Learn

Building a Search GPT with Dynamiq

Oleksii Babych
November 3, 2024

The following article explores how to create a search-driven application, "Search GPT," using Dynamiq’s library. We'll demonstrate three different backend architectures to process and respond to user queries in real time, leveraging both programmatic and visual approaches to configure Dynamiq workflows. The article also includes a Streamlit-based frontend, providing a user-friendly interface for testing and refining our search tool.

Project Overview and Goal

This project aims to create a Search GPT application using Dynamiq to power a flexible, intelligent search backend. By using Dynamiq's workflows, agents, and tools, we can design three distinct backends that showcase Dynamiq's capabilities to process queries and generate accurate search results in various ways:

  • Approach 1: Building a straightforward workflow using the Dynamiq UI, deployed as an API endpoint for search processing.
  • Approach 2: Implementing the workflow using Dynamiq's code library to manually set up nodes and tools.

The goal is to demonstrate how each approach offers unique strengths for different needs, from simplicity and ease of deployment to highly customizable logic.

Project Structure and Files

File Overview

  • README.md: Project documentation.
  • app.py: Streamlit app frontend, handling query input and displaying search results.
  • run.sh: Script to launch the application.
  • server.py: Server logic for Approach 2, defining nodes, agents, and workflow in code.
  • server_via_dynamiq.py: API-based server for Approach 1, connecting to Dynamiq UI-generated endpoint.

Directory Structure


search-gpt/
├── README.md
├── app.py
├── run.sh
├── server.py
└── server_via_dynamiq.py
    

Approach 1: Dynamiq UI-Based Pipeline

To set up a simple and efficient search workflow that processes user queries by rephrasing, retrieving relevant information, and synthesizing a well-structured response.

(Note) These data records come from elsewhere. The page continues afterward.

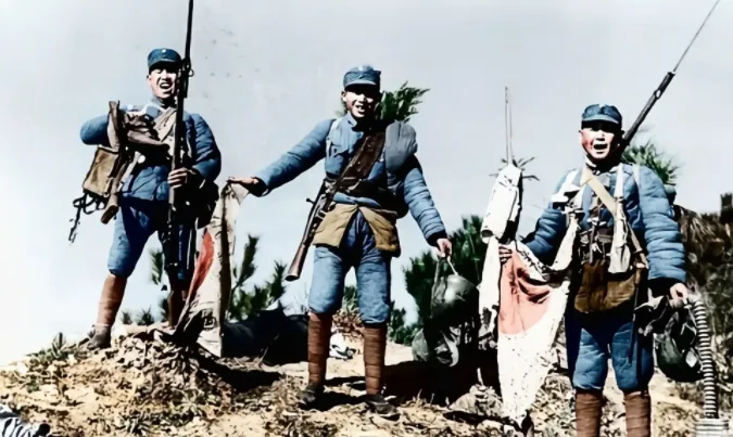 图中这几位穿蓝灰军装的兄弟手里拎着的家伙叫缴获物,有刺刀挑着的膏药旗,有鼓囊囊的防毒面具袋,还有三八大盖,皮带上挂着弹袋,棉军衣鼓鼓的,看得出寒风里打了个硬仗,站在土包上那神气劲儿是真提气。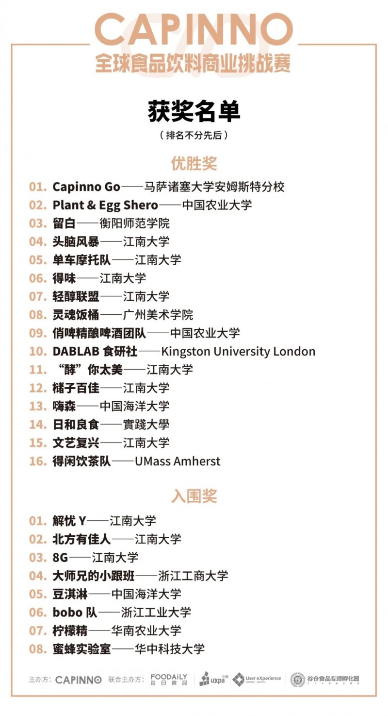 一月份,经过CAPINNO决赛激烈答辩及团队展示,来自国际食品头部品牌方、产业上游资深专家、新消费品牌创始人、投资人等多维度专业评审团的全面评判及评估,角逐结果如下: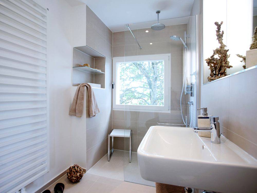 В больших ванных комнатах имеет смысл визуально разделять отдельные зоны. В малых помещениях лучше подчеркнуть единство пространства. Мебель, размещенная по всему помещению в длинных, узких ваннах, а также использование разных расцветок, имеют форму оптических барьеров. Вместо этого лучше обустроить ванную комнату равномерно.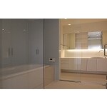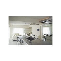 白を基調として清潔感をだし、キッチン裏の収納部分の扉には鏡面仕上げとし、広さを出しました。すっきりとさせる為に、照明関係はほとんどダウンライト・間接照明としました。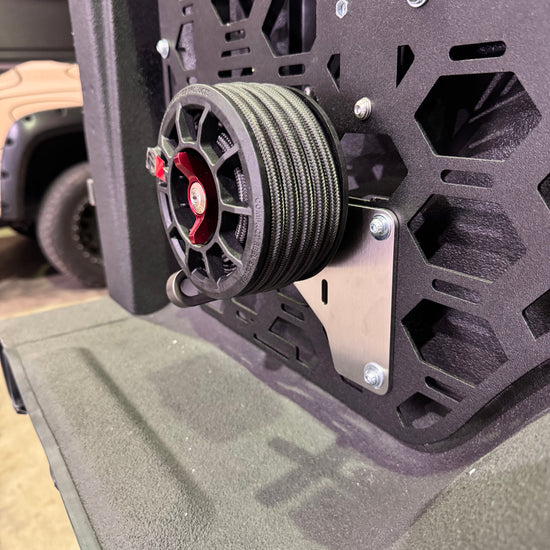 This bracket for the Compact Reel System is a great mount that allows you to mount the reel flat up against another surface in a vertical position (perfect for the Mate Designs Molle Panels)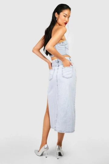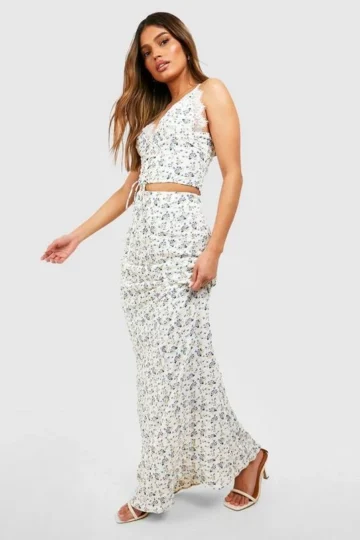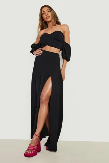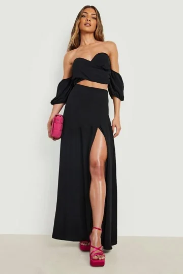 BOOHOO Textured Off The Shoulder Crop & Split Maxi Skirt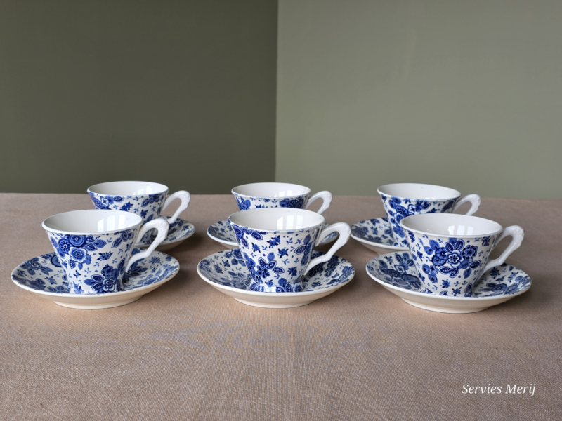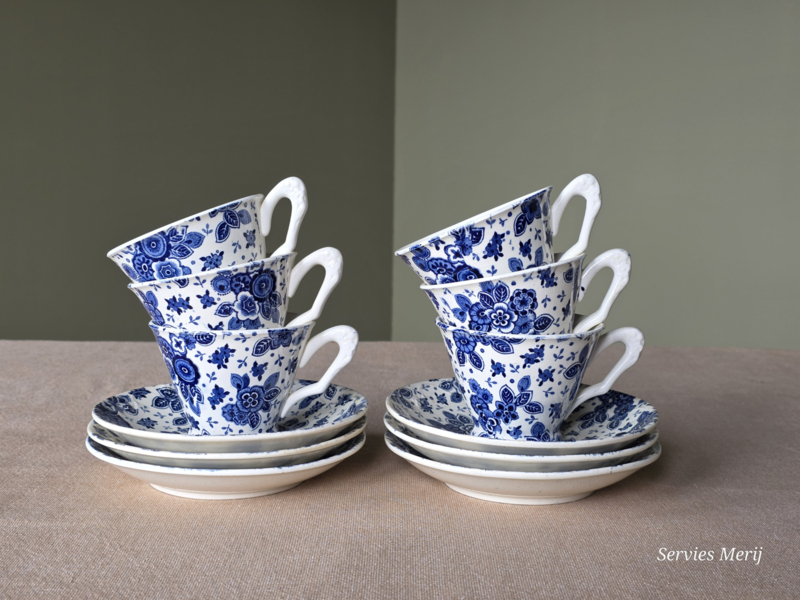 Beatrix Societe Ceramique set 6x Koffie Kop en schotel met bloemkooloortje en relief schotel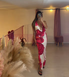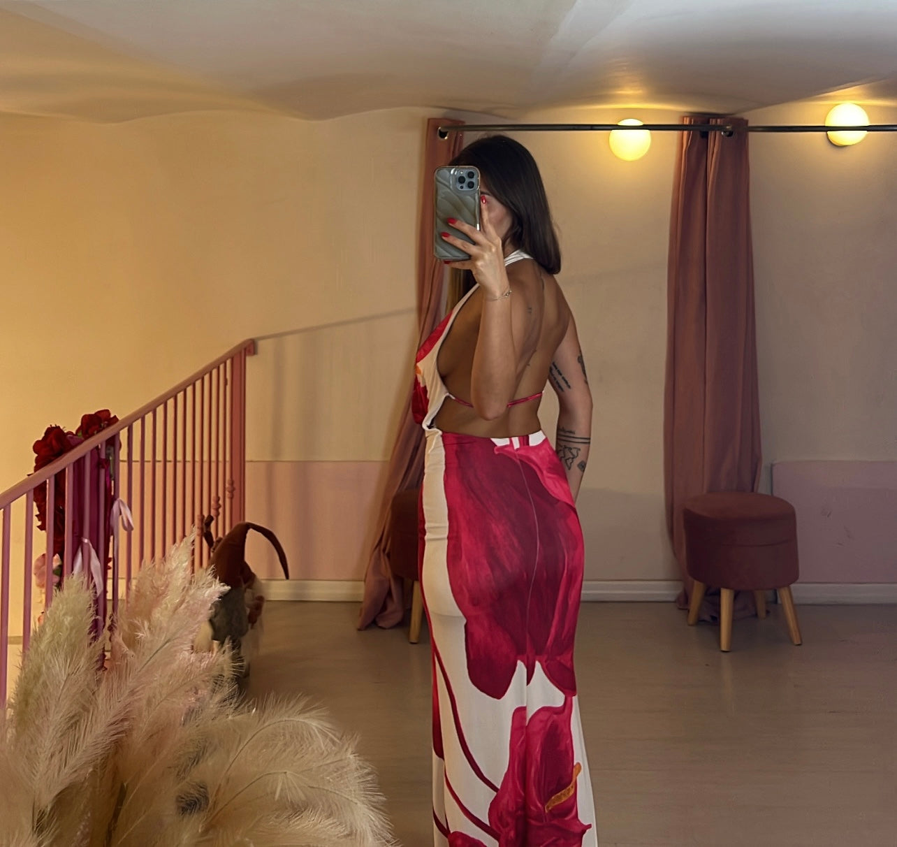 Abito lungo con scollo halter e schiena scoperta. Gonna morbida leggera con spacco laterale. Trama con fiore.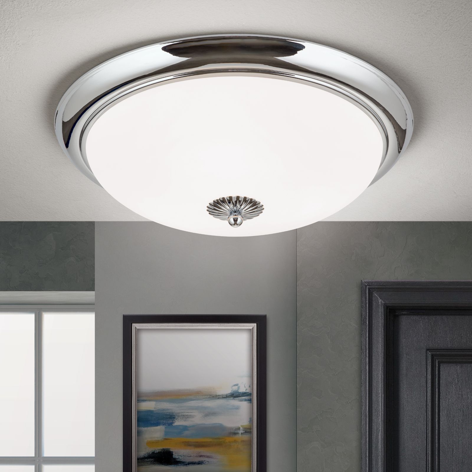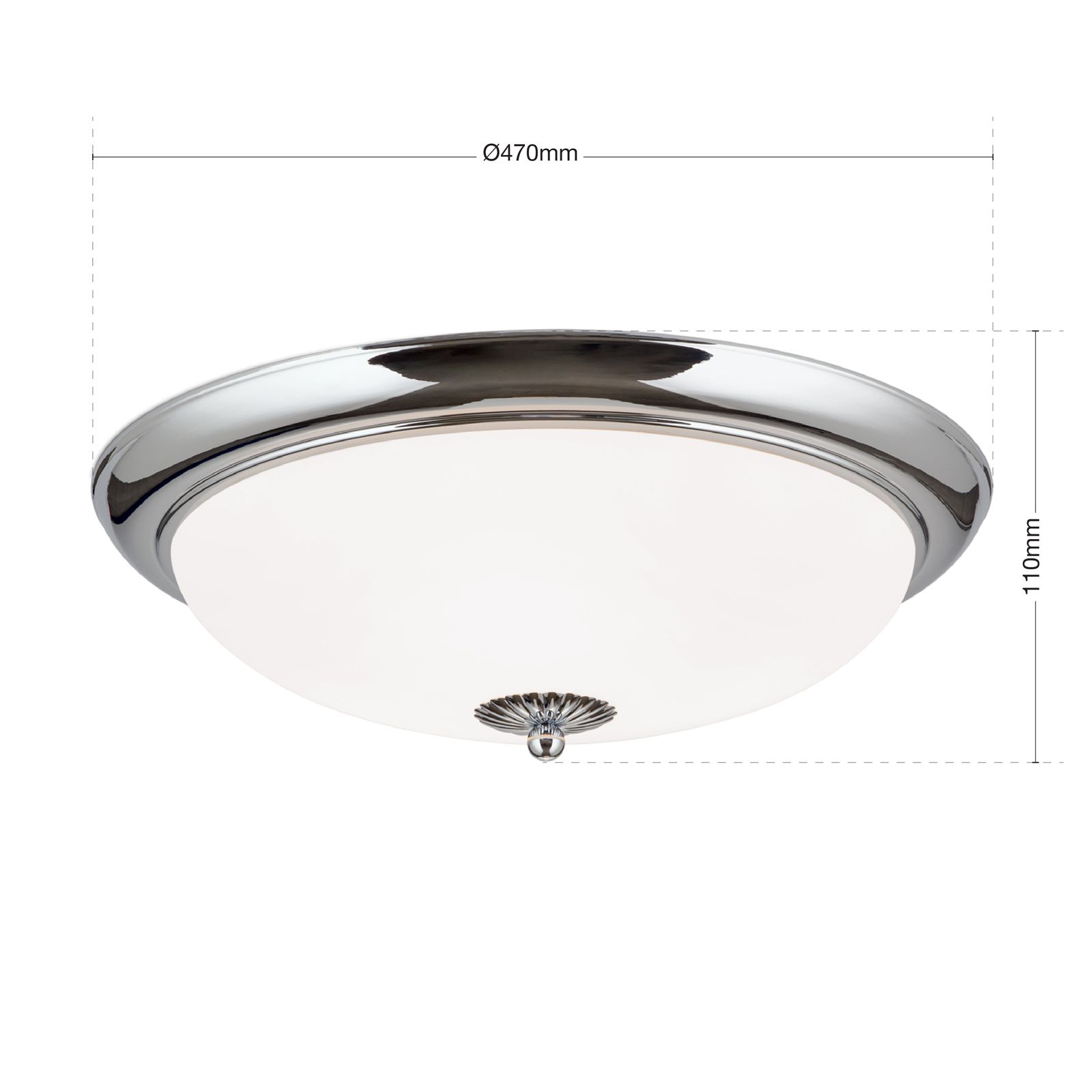 Deckenleuchte EMPIRE, Chrom, mit opal mattem Glas, mit Knopf, 47cm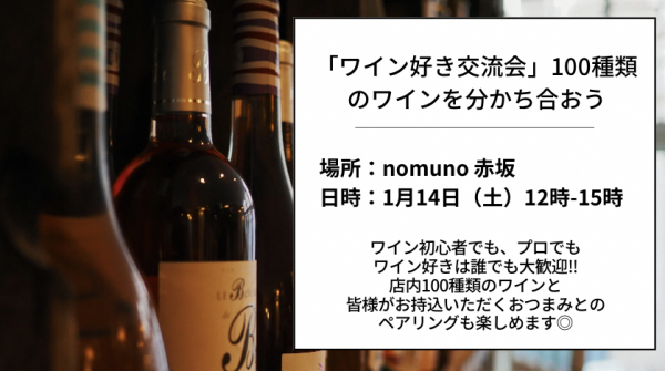 株式会社ノムノ(本社:東京都港区 代表取締役社長:蔵石 周太)が運営するワインバーnomuno赤坂店で「ワイン好き」が集まる交流イベントを開催いたします!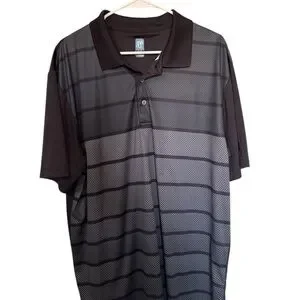 Stylish black and gray polo by PGA Tour. Features a modern striped design. Ideal for casual and sporty looks.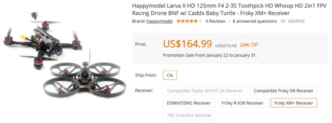 今回ご紹介しているモデルは、Frsky xm+レシーバー搭載モデルとなります。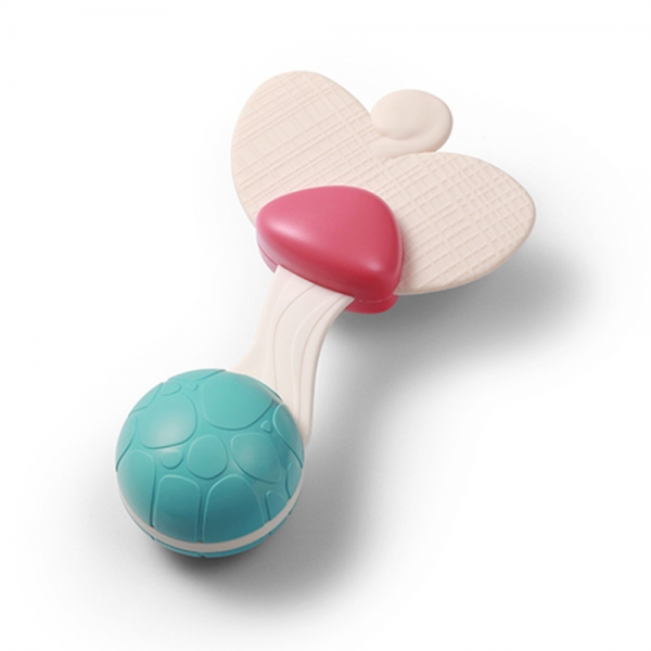 Ergonomický design: Kousátko-chrastítko je navrženo tak, aby dokonale padlo do malých dětských ručiček, což usnadňuje jeho držení a manipulaci.

The workflow involves:

Rephrasing the input query.

  1. Searching for relevant information.
  2. Synthesizing the response.
  3. Displaying the final output to the user.

Components Overview

The workflow uses the following components, as seen in the images:

  1. Input Node: Captures the user’s original query.
  2. Rephraser Agent: Rephrases the query to make it search-friendly.
  3. Search Tool (ScaleSerp): Queries the web to retrieve information based on the rephrased input.
  4. Writer Agent: Synthesizes a clear and structured response from the search results.
  5. Output Node: Outputs the final answer back to the user.

Each component is represented as a node in the Dynamiq UI, with connections between them defining the data flow from input to output.

Step 1: Set Up the Input Node

  • Purpose: This node serves as the entry point for user queries. It receives the raw input, such as "Tell me about the current status of the Apple stock."
  • Configuration:some text
    • Field: input (of type string for query text)
    • Placeholder: "User query here"
  • Connection: The input node is connected directly to the Rephraser Agent to pass the query for rephrasing.

Step 2: Configure the Rephraser Agent

  • Purpose: The Rephraser Agent uses a language model (e.g., OpenAI’s GPT) to refine the query. It simplifies and clarifies the query, making it more effective for a search tool.
  • Configuration:some text
    • Connect to a pre-trained language model, like OpenAI, to perform rephrasing.
    • Input Field: input (query text)
    • Output Field: content (rephrased query text)
  • Example Function: If the input is “Tell me about the current status of the Apple stock,” the rephrased output might be “Current Apple stock status.”

Connection: The rephrased query is passed to the Search Tool node.

Step 3: Integrate the Search Tool (ScaleSerp)

  • Purpose: This tool is responsible for retrieving relevant data based on the refined query. It connects to an external API (like ScaleSerp) to search for information online.
  • Configuration:some text
    • Input Field: query (accepts the rephrased query)
    • Output Field: content (retrieves a structured dictionary with search results)
    • Configure with API key and endpoint for ScaleSerp or a similar search tool.
  • Example Output: The search tool returns structured data, such as relevant articles, summaries, and market data about Apple stocks.
  • Connection: The search results are sent to the Writer Agent for synthesis.

Step 4: Implement the Writer Agent

  • Purpose: The Writer Agent synthesizes the information retrieved from the search tool, creating a coherent response that addresses the user’s query.
  • Configuration:some text
    • Connect to a language model (e.g., OpenAI) for content synthesis.
    • Input Field: input (search results)
    • Output Field: content (final synthesized answer)

Example Function: If the search results contain stock data, the Writer Agent may generate a paragraph like:


"As of October 31, 2024, Apple Inc. (AAPL) is experiencing a fluctuating stock performance... [cites recent trends and factors]."
    
  • Connection: The synthesized response is routed to the Output Node.

Step 5: Set Up the Output Node

  • Purpose: The Output Node captures and displays the final answer back to the user.
  • Configuration:some text
    • Field: output (structured answer as a string)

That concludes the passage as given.